If a N&W plate is found in a dated 3rd or 4th edition Volume I, then
isn’t that a mixed edition volume? No one can be certain that an
individual print is truly a 1st edition, unless it is one of the first
29 plates completed by N&W (even if found in an 1870 dated volume).
There are so many combinations and possibilities
that answers may never be found. There could be one or more states for
each of the 500 prints, in each of the many editions of the octavo
birds. There could be one or more states for each of the 155 prints, in
each of the 4 editions of the octavo quads. It would be a monumental
task to examine and compare numerous volumes from each of the editions,
to find all the states of all the octavo editions. I have personally
seen eight different states of plate #11, Northern Hare, which are
solely different combinations of the text credits. I suspect that
dealers and collectors will discover many new states in coming years.

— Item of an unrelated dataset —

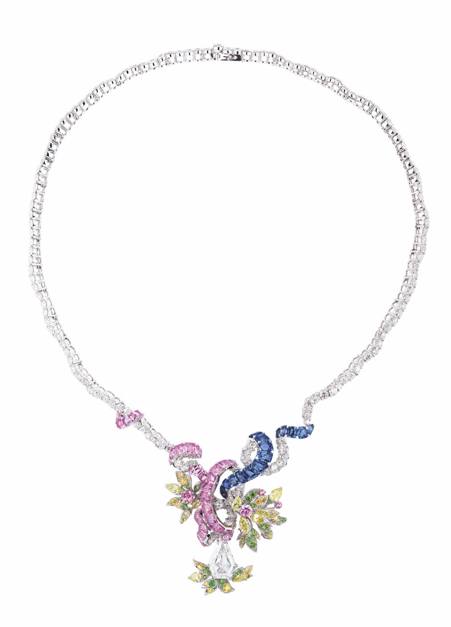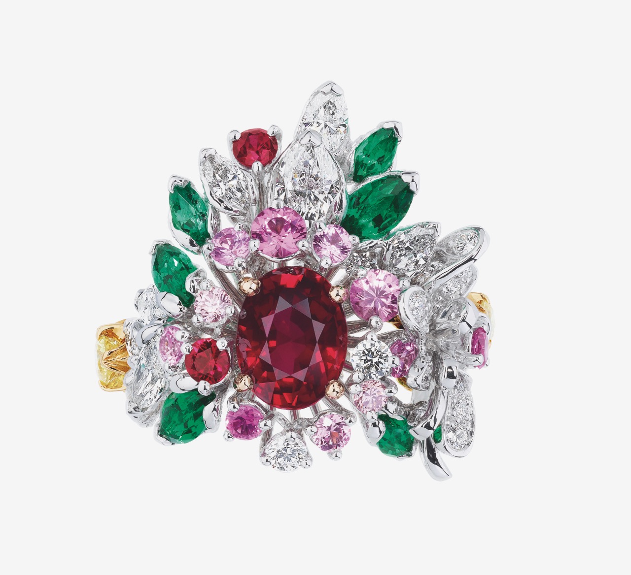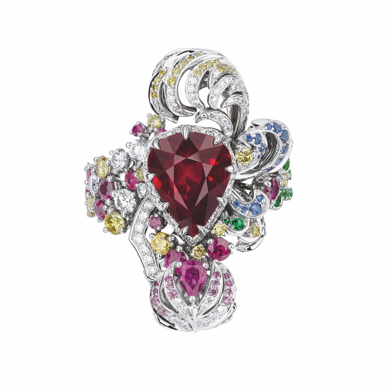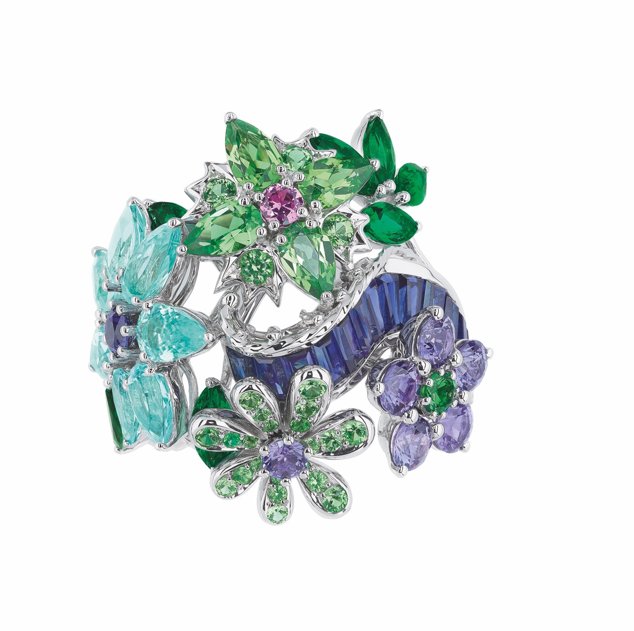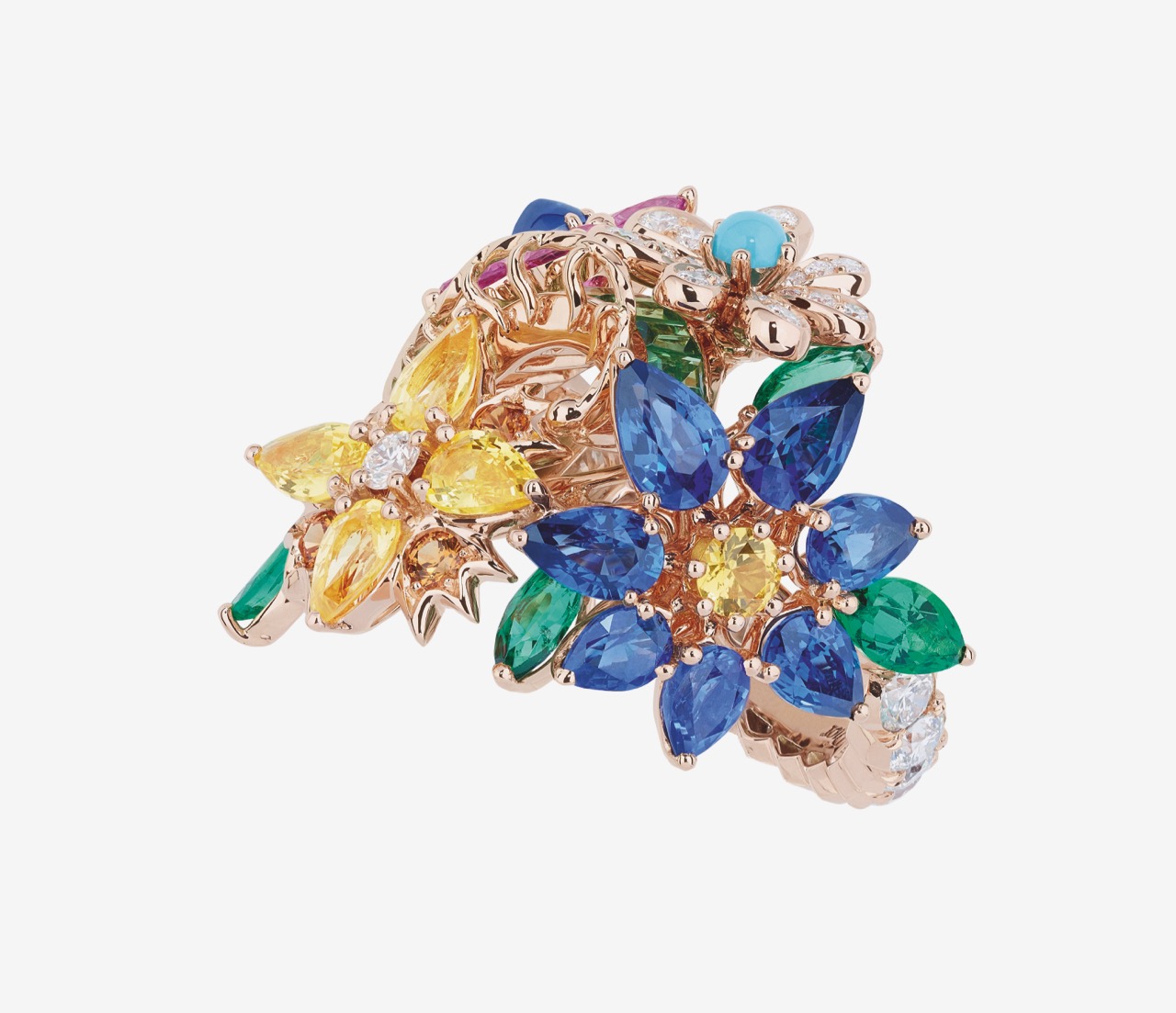 Versailles, acte II. La nouvelle collection de haute joaillerie de Victoire de Castellane pour la maison Dior poursuit son exploration du domaine royal. Au château et ses détails ornementaux – théâtre d’inspiration de la collection précédente – répondent ici les jardins, leur ordonnancement architecturé et leur monde végétalisé. Massifs, bosquets et parterres, mais aussi bassins, statues et allées minérales composent cette promenade narrative au cœur du plus emblématique des jardins français.

The research to clarify and define the editions,
and identify the various states, has simply not been done. There are
known records with information about the octavo bird editions, along
with print run numbers for the 1st edition. I don’t know if any other
records exist, or if records do exist that have yet to be researched
that might shed more light on the Audubon’s business practices and the
production of the octavo birds and quads.
COLLECTING PRINT STATES –
The concept of collecting octavo print states,
as expressed by a couple members of the Yahoo Audubonprints Group, is an
interesting idea. However, I can’t imagine anyone simply buying
different print states at random, with the expectation of higher values.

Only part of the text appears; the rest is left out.